One model broke the pattern. GPT got less consistent at low temperature on some pairs: "formation" dropped from 82% to 50%, "network" from 64% to 50%. The likely explanation: GPT has multiple competing attractors of similar strength, and lower temperature makes it commit harder to whichever path it enters first rather than defaulting to the most popular choice. At standard temperature, randomness acts like a tiebreaker that tends to favor the common answer. Remove the randomness and GPT picks a frame and sticks with it, even if it's the less common one. This makes GPT the most "opinionated" model at low temperature; it doesn't consensus-seek.

Basins are properties of knowledge. Temperature can sharpen them but can't create them.

When Models Negotiate

The most interesting games happen when two different models play against each other.

Same-model games average 2.3 to 2.8 rounds with tight variance. Both players share the same knowledge organization, so they tend to meet quickly. Cross-model games average 4.1 rounds with a standard deviation above 3. They can converge in 2 rounds or spiral for 19, and you can't predict which.

What matters is what they converge on.

In 48% of cross-model games, the two models converged on a word that neither model produced in any solo game. New semantic territory that neither model contains alone.

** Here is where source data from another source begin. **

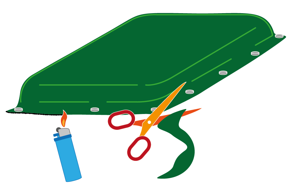 Для монтажа полотна понадобятся ножницы и крепления. При необходимости можно использовать строительный фен или горелку/зажигалку для обработки краев ткани.
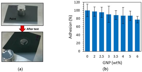 Adhesion strength between the coating and the substrate as a function of the GNP concentration: (a) picture of a sample before and after the test; (b) adhesion as a function of GNP content in the paint.
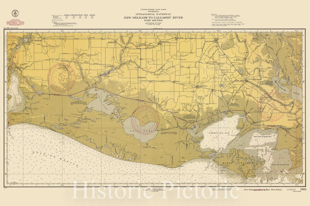 Historic Nautical Map - New Orleans To Calcasieu River, West Section, 1939 NOAA Chart - Louisiana (LA) - Vintage Wall Art
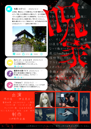 映画館に行った際に少し待っている間に「立ち止まって読みたいポスター」をコンセプトにしました。 細かい設定はなかったのでSNSで広まった話にし、SNSの投稿画面を並べて若い子も普段から使用しているツールなので読みたくなると思います。 呪家のフォントもホラー感のあるフォントにシャドウをつけて怖い演出をしました。 出演者も赤背景に白文字でホラー感も残しつつ分かりやすくしました。 背景には、文字を読んでいると後ろにゾッとくるような画像を配置しました。
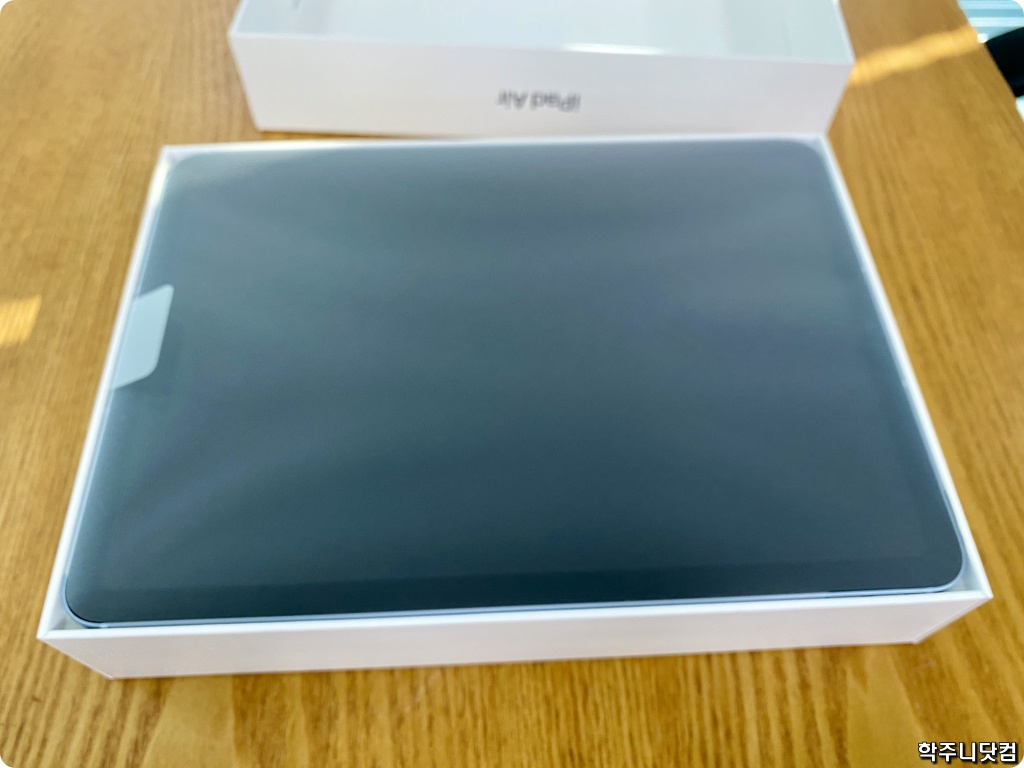 내가 구입한 에어 4는 스카이블루 색상의 LTE 모델로 256GB 용량을 지닌 제품이다. 물론 박스에서는 크기와 색상만 확인이 가능한데 에어 4는 크기는 하나 뿐이니까 색상만 체크하면 될 듯 싶다.
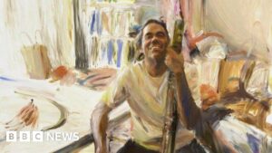 Her winning work is a portrait of Aboriginal Australian musician William Barton, which she painted with her fingers as a nerve injury made painting difficult for her.
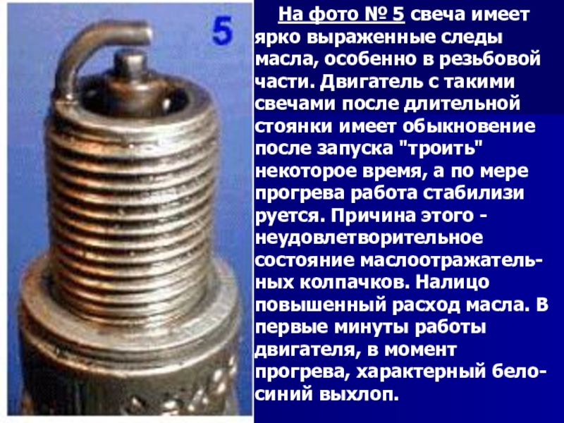 Слайд 29На фото № 5 свеча имеет ярко выраженные следы масла, особенно в
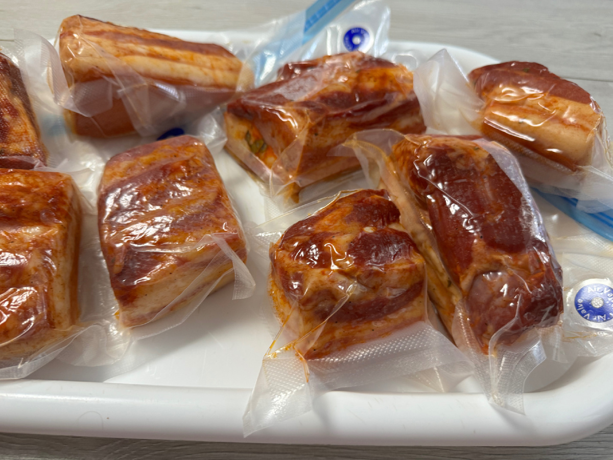 - Обильно натрите каждую часть грудинки полученной смесью и поместите в целлофановые пакеты.
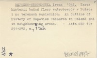 REJMENT-GROCHOWSKA Irena 1948 Zarys historii badań flory wątrobowców w Polsce i na terenach sąsiednich. An Outline of History of Hepatics Research in Poland and in neighbouring areas.

Claude vs. GPT on shadow and melody: Claude alone converges on "echo" in 2 rounds. GPT alone gets "chord" in 4. Together? Eight rounds. Claude keeps reaching for clean, precise words (echo, night, frequency, wave, sound, transmission) while GPT keeps reaching for richer, more connotative ones (nocturne, resonance, silence, noise, signal, audio). They're speaking adjacent languages. Claude approaches from physics, GPT from aesthetics. They finally meet at "broadcast," a word where physics and aesthetics overlap, and one that neither model ever found on its own.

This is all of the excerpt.